Санаторская столовая: обширная зала, гигантская, как в оперном театре, хрустальная люстра под куполом, концентрические круги массивных под бордовыми скатертями столов. Более половины столов пустует, не сезон.

Официантка принесла бутерброды с сёмгой и салат. Игорёк стал есть, лениво разглядывая немногочисленных посетителей. Взгляд скользнул по компании из трёх толстяков в спортивных костюмах, по компании дам в купальных халатах с тюрбанами на головах, видимо, только из бассейна, и остановился на одиноко вкушающем человеке во всём чёрном с алым бархатным галстуком-бабочкой. Человек поднял голову и кивнул.

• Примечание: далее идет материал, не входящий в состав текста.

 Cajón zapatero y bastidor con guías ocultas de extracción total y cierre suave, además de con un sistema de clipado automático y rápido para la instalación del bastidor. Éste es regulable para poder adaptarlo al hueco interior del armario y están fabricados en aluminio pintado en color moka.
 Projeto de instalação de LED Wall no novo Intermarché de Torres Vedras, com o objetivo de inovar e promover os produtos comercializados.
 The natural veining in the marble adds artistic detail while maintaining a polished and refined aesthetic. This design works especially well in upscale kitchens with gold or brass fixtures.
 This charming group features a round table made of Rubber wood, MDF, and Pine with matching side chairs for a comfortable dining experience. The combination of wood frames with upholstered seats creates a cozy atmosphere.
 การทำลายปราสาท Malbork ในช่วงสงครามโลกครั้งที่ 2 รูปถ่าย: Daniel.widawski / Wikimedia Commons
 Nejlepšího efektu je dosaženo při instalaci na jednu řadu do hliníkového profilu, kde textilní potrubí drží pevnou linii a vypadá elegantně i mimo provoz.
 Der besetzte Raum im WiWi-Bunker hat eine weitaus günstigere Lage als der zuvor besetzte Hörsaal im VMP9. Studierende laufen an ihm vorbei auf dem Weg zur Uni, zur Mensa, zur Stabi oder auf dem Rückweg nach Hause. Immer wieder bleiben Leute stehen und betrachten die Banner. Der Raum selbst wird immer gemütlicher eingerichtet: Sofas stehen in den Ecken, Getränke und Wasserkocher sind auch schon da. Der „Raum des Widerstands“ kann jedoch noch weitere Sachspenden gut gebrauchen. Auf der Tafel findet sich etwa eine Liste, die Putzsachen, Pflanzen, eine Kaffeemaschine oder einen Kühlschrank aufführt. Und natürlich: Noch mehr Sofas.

«Сдаётся мне — вампир», — подумал Игорёк.

И решил, буде и этот вампир станет предлагать крови, послать оного на три буквы или к Хомоеду Джафаровичу Весёлому.

Соседний стул отодвинулся, и на него уселся сухощавый пожилой человек.

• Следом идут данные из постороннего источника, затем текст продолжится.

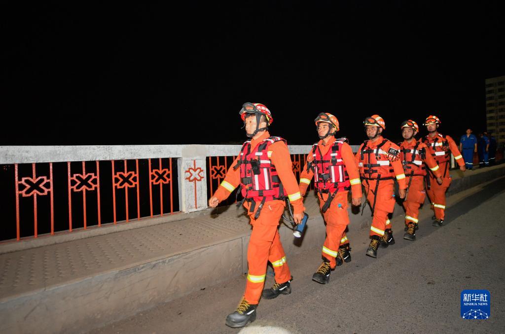 8月9日凌晨,在天津市靜海區臺頭鎮,天津消防救援總隊的消防員巡查經(jīng)過(guò)革命橋。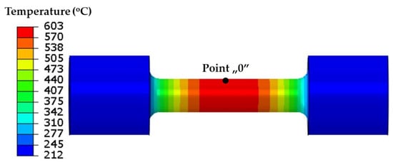 Figure 3 shows the symmetry of the temperature field and the change in the temperature values occurring along the axis of the sample, which was caused by the cooling of the grips in which the sample was mounted. The temperature changes in the surface during the heating and cooling phases of the sample at the “0” point (Figure 3) and at points symmetrically located at distances of 2, 4, 6, 8, 10, and 12 mm from the “0” point are shown in Figure 4.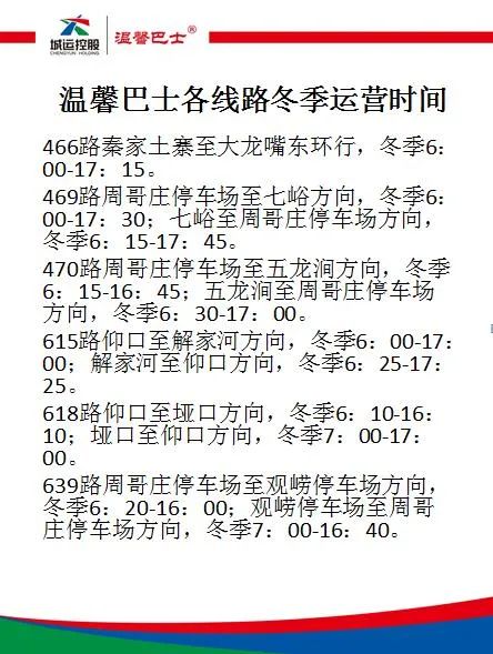 近日,城运控股交运温馨巴士对466路、469路、470路、615路、618路、639路共6条线路首末班发车时间进行了调整,实行冬季运行计划。同时旅游6路季节性停发,将持续到次年3月31日。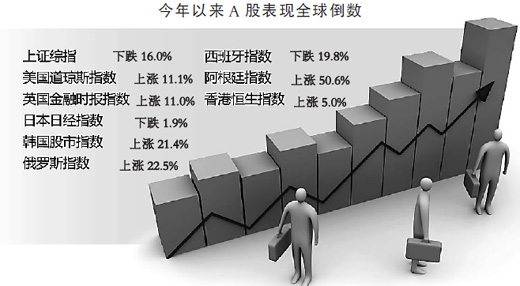 放眼全球股市,A股市场今年的表现有些不尽如人意。从全年的涨跌幅看,上证综指不仅落后于走势强劲的阿根廷、印尼、泰国等新兴市场,与稳步攀升的德国、美国等成熟市场相比,也逊色不少。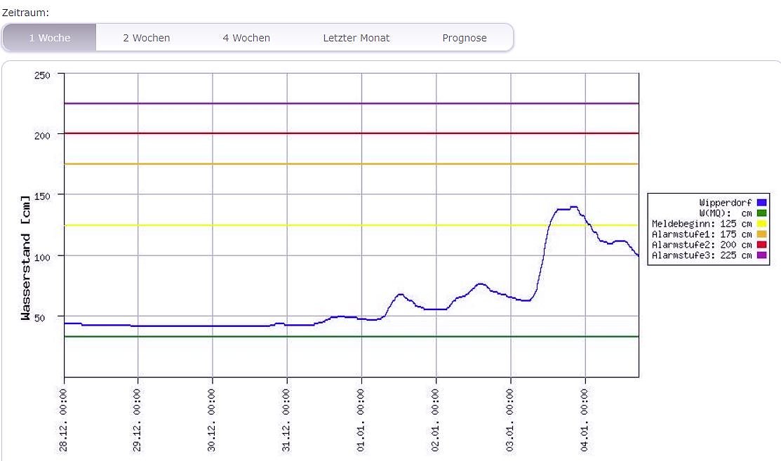 Wenn man die Entwicklung des Pegel flussaufwärts (Wipperdorf) betrachtet, scheint auch das gröbste Überstanden, wie das Bild zeigt (Hochwasser-Nachrichtenzentrale Thüringen.
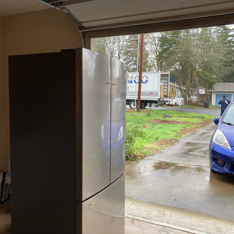 というわけで、新しい冷蔵庫はガレージにおかれ、配達業者のおっちゃんは去って行きました。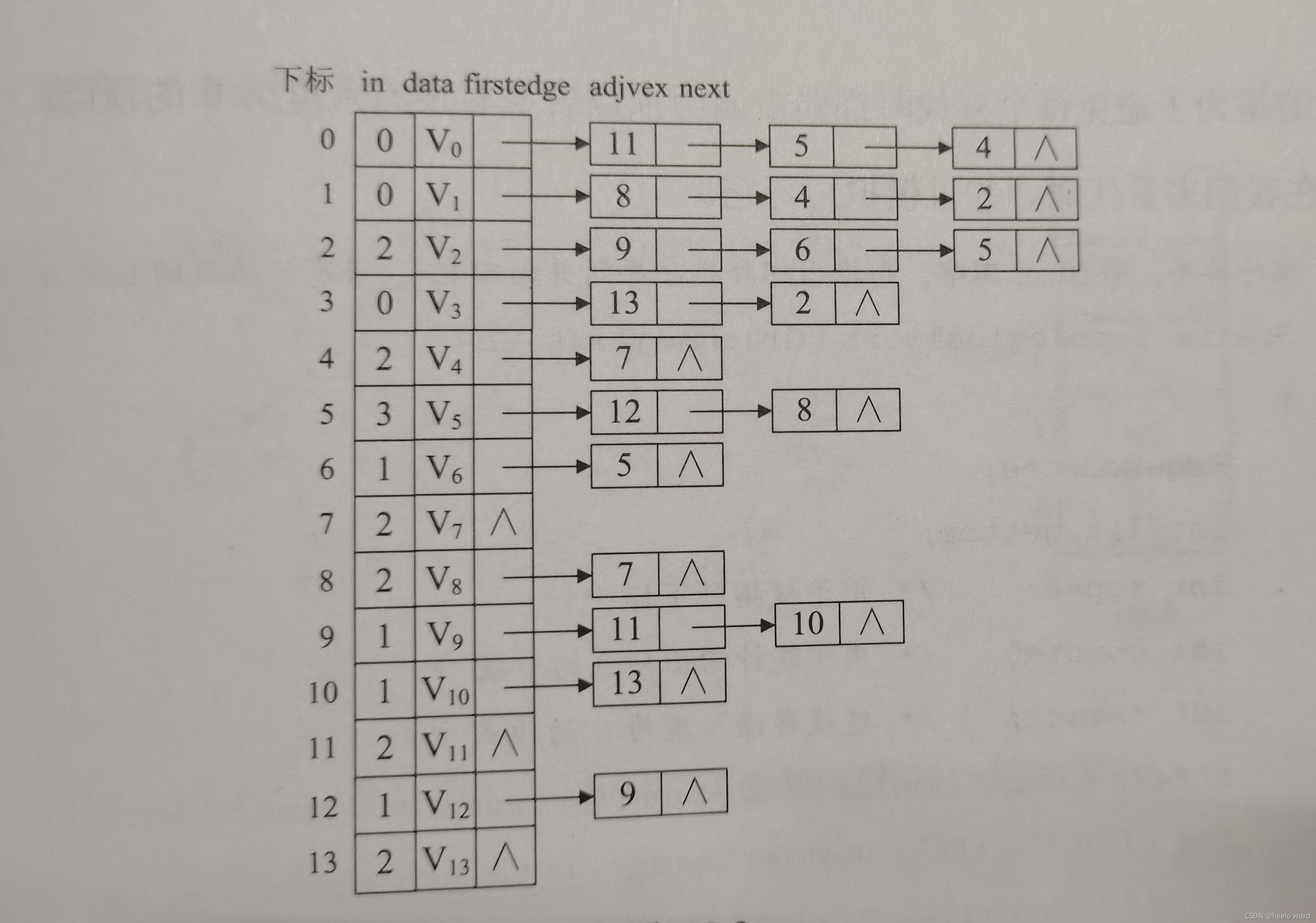 (前面求最小生成树和最短路径时,我们用的都是邻接矩阵,但由于拓扑排序的过程,需要删除顶点,显然用邻接表更加方便,因此我么需要为AOV网建立一个邻接表,需要三个数据域, in(表示该顶点的入度个数),data(存放数据信息),firstedge(存放邻接点的信息,也就是边表),

— Как вам контингент? — бесцветным голосом поинтересовался он.

Игорёк окинул непрошеного сотрапезника рассеянным взглядом. Был тот словно засушенный; бесцветные глаза под бесцветными редкими бровями, зачёсанные назад седые волосы, собранные в короткую жидкую косицу. Кожа нездорового пергаментного оттенка и тонкие подвижные пальцы. Из полураспахнутого турецкого халата виднеется впалая грудь с редкими седыми волосками.

Сосед перехватил взгляд и пояснил:

— Только что с купания. Ледяная водица и лесной воздух — вот рецепт долгой жизни.

Игорёк пожал плечами.

— Не надо, девушка, я сам возьму. — Сосед неторопливо принялся снимать с тележки блюда.

Официантка отошла, и старик, подавшись вперёд, доверительно произнёс:

— Игорь Святополкович, есть серьёзный разговор.

Игорёк подумал, надо ли отвечать собеседнику. Решил не отвечать.

— Я такой же бессмертный, как и вы. Нас здесь, в санатории таких пятеро. Нас называют Кремлёвцами. Мы здесь на особом положении, — старик помолчал, разжёвывая бутерброд. — Итак. Однажды, а именно в прошлую среду, мы с вами столкнулись у входа в метростанцию «Баррикадная». Не припоминаете?

Игорёк отрицательно качнул головой, не удивляясь тому, что куда он ни шагни — всюду или бесмертные, или могущественные существа.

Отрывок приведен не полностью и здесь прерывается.